Your goal
The reply needs the lines from the one containing "吸入用異丙托溴銨溶液和吸入用" through the end of the material, each repeated exactly, and no pictures.

Input data
-=-=-

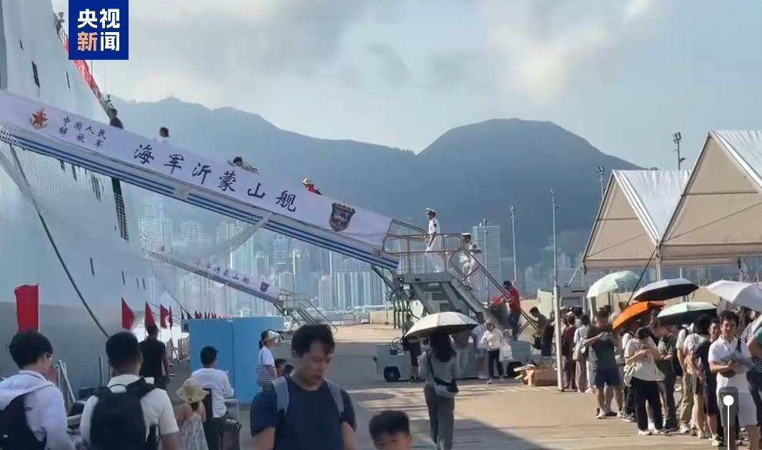 r总台记者 马媛:现在我们登上了沂蒙山舰,前甲板区域主要用来展示舰载武器装备。沂蒙山舰全长210米,目前停靠在昂船洲码头西岸。我们朝北岸看,那里停靠的就是戚继光舰,从这个角度可以欣赏到整个舰的英姿。这次开放活动较之前山东舰艇编队访港时开放的区域更多,不仅开放前后甲板,舱室内的很多区域也面向公众开放。这次香港市民可以大饱眼福了。
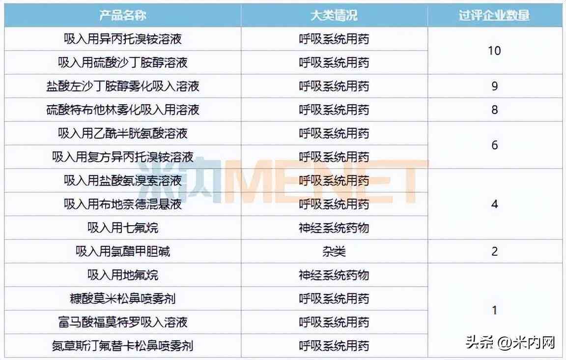 吸入用異丙托溴銨溶液和吸入用硫酸沙丁胺醇溶液過(guò)評(píng)熱度最高,均有10家企業(yè)過(guò)評(píng)。
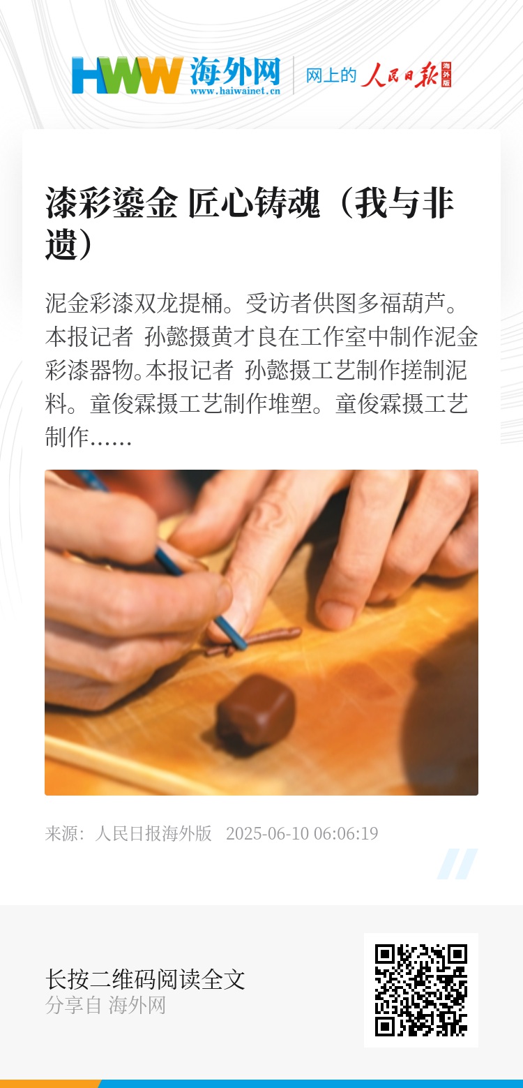 展望未来,黄才良充满信心。他计划借助AI等新技术,打造线上展示平台,让泥金彩漆跨越地域的限制,走进千家万户。在他心中,泥金彩漆不仅仅是一门技艺,更是一份文化的传承,是连接过去与未来的桥梁。黄才良用坚守续写着泥金彩漆的传奇故事,让古老的技艺在新时代绽放出更加绚烂的光彩。(记者 孙懿)
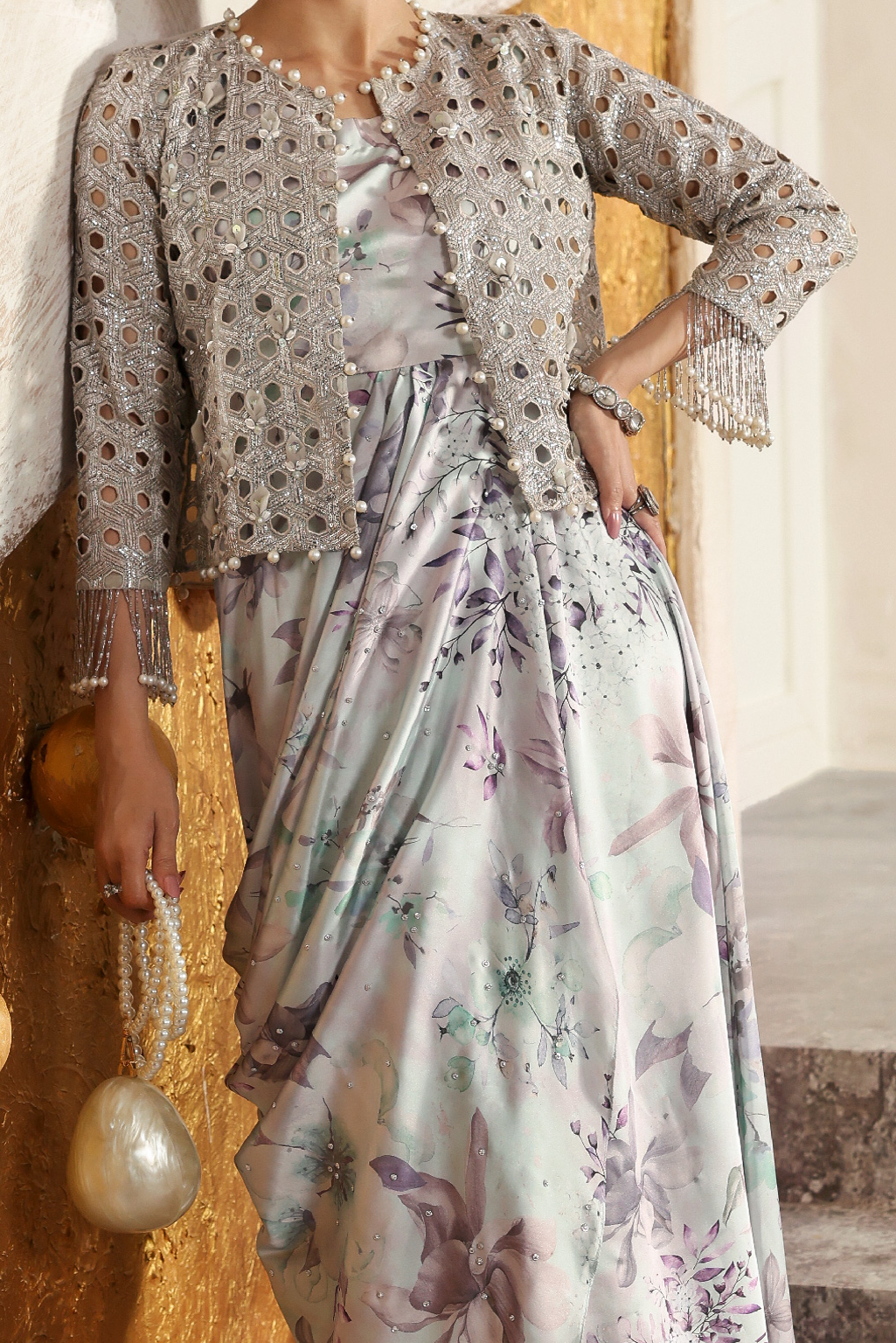 A contemporary draped dress in soft pastel floral print, paired with a hand-embroidered hand work jacket. Elegant, lightweight, and perfect for festive occasions or weddings

-=-=-

Response to the exercise
 吸入用異丙托溴銨溶液和吸入用硫酸沙丁胺醇溶液過(guò)評(píng)熱度最高,均有10家企業(yè)過(guò)評(píng)。
 展望未来,黄才良充满信心。他计划借助AI等新技术,打造线上展示平台,让泥金彩漆跨越地域的限制,走进千家万户。在他心中,泥金彩漆不仅仅是一门技艺,更是一份文化的传承,是连接过去与未来的桥梁。黄才良用坚守续写着泥金彩漆的传奇故事,让古老的技艺在新时代绽放出更加绚烂的光彩。(记者 孙懿)
 A contemporary draped dress in soft pastel floral print, paired with a hand-embroidered hand work jacket. Elegant, lightweight, and perfect for festive occasions or weddings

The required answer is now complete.